The number of shares to be issued under the authorisation may not exceed 1,500,000, which is equivalent to approximately 10 per cent of all company shares at the time of convening the Annual General Meeting.

The Board of Directors was granted authority to decide, within the limits of the authorisation, on all terms of the share issue as well as on those of the issue of special rights entitling to shares.

The Board of Directors was also granted authority to decide on crediting the subscription price to the share capital or, in whole or in part, to the invested non-restricted equity fund.

Shares as well as special rights entitling to shares may also be issued in a way that deviates from the pre-emptive rights of shareholders, if a weighty financial reason for this exists as laid out in the Limited Liability Companies Act. In such a case, the authorisation may be used to finance corporate acquisitions or other investments associated with the company’s operations, to maintain and improve the group’s solvency or as part of the company’s incentive plan.

The authorisation is effective until the Annual General Meeting 2012.

OTHER EVENTS DURING THE REVIEW PERIOD

Changes in Ixonos’ Management Team

New members were appointed to the Ixonos Group’s Management Team from 1 October 2011: Teppo Kuisma, Vice President and Sami Paihonen, Vice President. Teppo Kuisma, who has been Managing Director of Ixonos Business Solutions Ltd. since the beginning of 2010, is now responsible for the company’s Online Solutions services. Sami Paihonen, who joined Ixonos in June 2010, is responsible for User Experience Design services.

The other members of the Management Team are Kari Happonen, President and CEO; Timo Leinonen, Senior Vice President, Finance; Kari Liuska, Senior Vice President, who has been responsible for the Connected Devices services since 1 October 2011, and Taina Makkonen, Vice President, Human Resources. Management Team member Timo Kaisla, Senior Vice President, is on sabbatical leave since 13 June 2011.

RISK MANAGEMENT AND NEAR-FUTURE UNCERTAINTY FACTORS

Ixonos Plc’s risk management aims to ensure undisturbed continuity and development of the company’s operations, to support attainment of the commercial targets set by the company and to promote increasing company value. Details on the risk management organisation and process as well as on recognised risks are presented on the company’s website at www.ixonos.com.

Changes in key customer relationships may have an adverse effect on Ixonos’ operations, earning power and financial status. Should a major customer switch its purchases from Ixonos to its competitors or make forceful changes to its own operating model, Ixonos would have limited ability to acquire, in the short term, new customer volume to compensate for such changes.
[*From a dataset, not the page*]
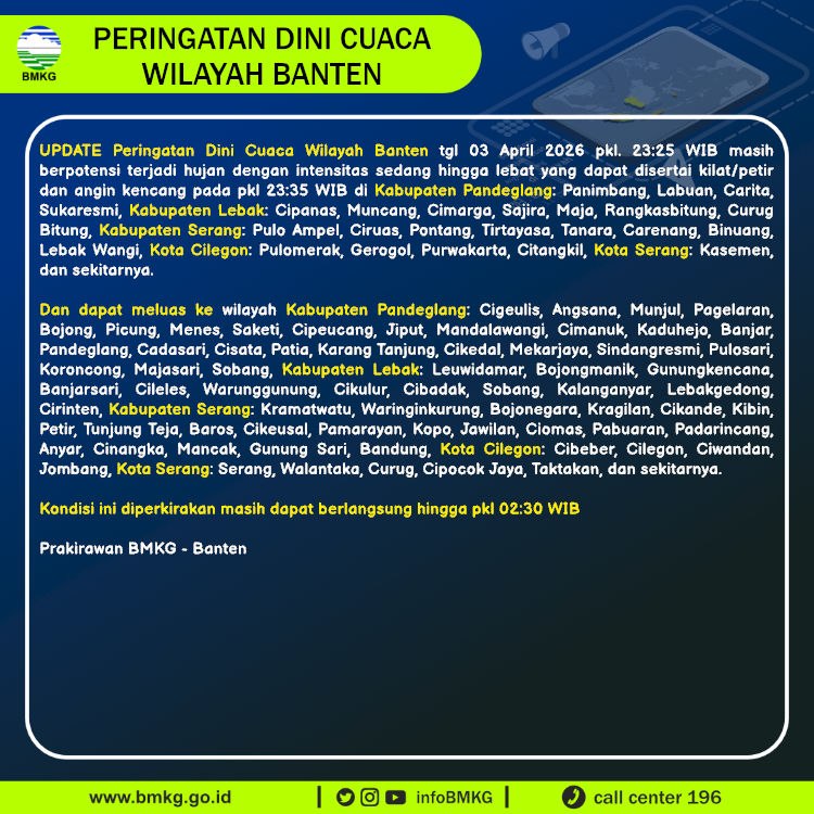 UPDATE Peringatan Dini Cuaca Banten tgl 3 April 2026 pkl 23:25 WIB masih berpotensi terjadi Hujan Sedang-Lebat yang dapat disertai Kilat/Petir dan Angin Kencang pada pkl. 23:35 WIB di

Ixonos’ corporate acquisitions in 2006–2008, its rapid growth in 2010 and the prolonged turnaround time of accounts receivable have increased the company’s need for working capital. The company manages this need by creating, together with financiers, adequate buffers to ensure sufficient funds as well as by facilitating the circulation of working capital. The company’s balance sheet also includes a significant amount of goodwill, which may be impaired should internal or external factors reduce the profit expectations of the company or any of its cash generating units. Goodwill is tested during the final quarter of each year and, if necessary, at other times.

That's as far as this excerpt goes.